Spot the Robot!
Please no! This is obviously a toy and not a robot. But the promise of robots moving out of the industrial space and into the home is becoming more and more realistic.
There are 2 kinds of home robots that R&D is focusing on. The first are the “instrumental robots”, little brothers of the industrial robots and likewise designed for specific tasks: vacuuming the floor or mowing the lawn. The more advanced category is sometimes called “social robots” – those that in the future could help elderly with daily tasks, support in hospital settings, and other more personal tasks. And the logic is this: since the tasks these robots perform are social, giving them a human form will make them more accepted by the people who should use and benefit from them. But this has some perhaps unintended consequences. If a driving idea behind making robots look like people is their users will psychologically be more accepting of them, then touching their keyboard for entering commands would not only be counter-intuitive, it would arguably be too intimate. We will innately expect to interact with these computers using verbal communication, facial communication, gestures – and expect simulated “eye contact”, spatial distance and other cultural queues will be adhered to by the robots.
Voice recognition has been around since the 80s but it took the mobile phone with hands-free features to make people psychologically comfortable walking down the street apparently talking to themselves. Now that we are comfortable “talking to nobody”, we are comfortable talking to a piece of glass and metal in the form of Siri, or Alexa, or Cortana. It’s fairly easy to see how this will be psychologically easy.
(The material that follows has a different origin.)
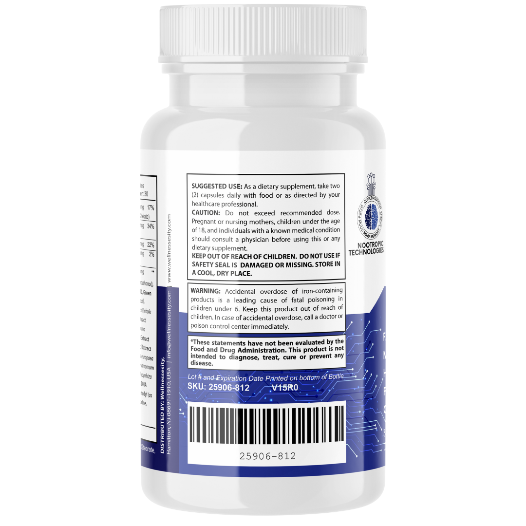 Boost your brainpower and performance with our Dietary Supplement. There are various factors that could cause our minds to be less clear and sharp. These cognitive enhancement capsules work in synergy to help improve your creativity, memory, attention, focus, concentration, and mood no matter your age. With a brain booster it will give your brain a jumpstart and improve memory and clarity. Feel the boost of concentration and focus that your brain needs. Our brain supplement may help enhance cognitive function through key nutrient supplementation. Each capsule contains highly effective ingredients that may help improve memory, focus, mental clarity and alertness. Take our brain booster supplement for focus, memory, clarity, and energy. Our product contains more nutrients than the average brain support supplement for mental acuity on the market.

Having a social robot that is able to visually and physically represent the right social queues to gain acceptance, however, will be a tougher challenge. First of all, because these are culturally dependent – robotics engineers will have to adjust these based on the countries they sell their products to. There is also the problem of social acceptance about robots in the first place. There are already studies about the correlation between a society’s positive or negative view of robots, the amount of R&D spent on robotics, and if those robots tend to have an instrumental / use based form or a social robot / human looking.
Could it be that in the future there will be a competitive advantage to countries which are already socially biased to accept robots? At the rate of technological advancement, it won’t take long to find out.